Randomised Controlled Trial of Brief Psychodynamic Psychotherapy (BPP), Cognitive Behaviour Therapy (CBT) and Treatment as Usual (TAU) in adolescents with moderate to severe depression attending routine child and adolescent mental health clinics
Funded by the NHS Health Technology Assessment (HTA) programme
Principal Investigator: Ian Goodyer (Cambridge)

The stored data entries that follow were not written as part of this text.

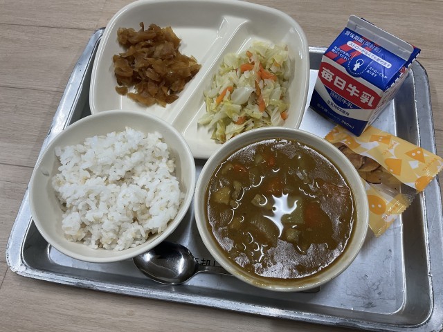 今日の給食はチキンカレーと玄米ご飯です。大人気のチキンカレーに入れるご飯は、玄米ご飯です。玄米は稲から籾殻だけを取り除き、精白されていない米で、白米より栄養素がたくさん含まれています。プチプチした食感がとても美味しいです。【献立】チキンカレー、玄米ご飯、ラハノサラタ、福神漬け、さつまいもチップス、牛乳
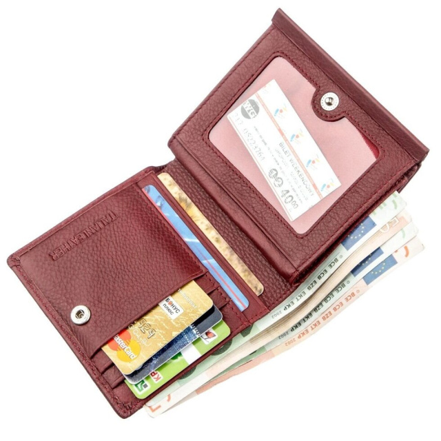Відмінний жіночий гаманець невеликого розміру для практичних жінок. Зроблений він з натуральної шкіри високої якості, найвищого гатунку, яка має відмінні експлуатаційні властивості. Колір гаманця насичено бордовий. Якщо Ви не любите носити з собою великі і незручні гаманці, то дана модель прекрасно Вам підійде, адже вона компактна і функціональна. Усередині присутні відділення для купюр, карток і візиток, фото улюблених людей і іншого дріб'язку. Монетниця закривається на кнопку і розташована на зовнішній стороні аксесуара. Сам гаманець також закривається на металеву кнопку. Упаковано виріб в картонну білу коробку.
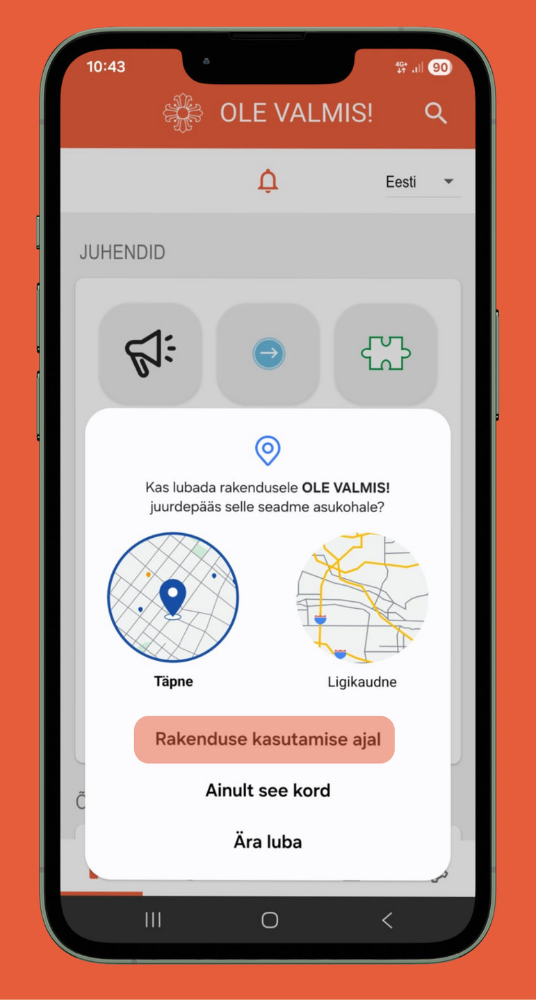 "Ole valmis!" äpi alla laadimise järel tuleb see vähemalt korra avada ning anda seadmele vajalikud õigused - anda luba saata teile märguandeid (1. pilt) ja lubada rakendusele juurdepääs seadme asukohale (2. ja 3. pilt). |

Co-PIs: Peter Fonagy, Jonathan Hill, Shirley Reynolds, Chris Roberts, Sarah Byford, Raphael Kelvin, Mary Target, Rob Senior
Depression in adolescents is a very serious problem. Over half of those diagnosed retain their problem into young adulthood. Current best evidence based ethical treatment involves psychosocial interventions together with an anti-depressant (fluoxetine). However, after 6 months only 20% show full recovery, 30% improve but are not fully recovered, a further 30% are left with a high number of residual depressive symptoms and 20% do not respond at all.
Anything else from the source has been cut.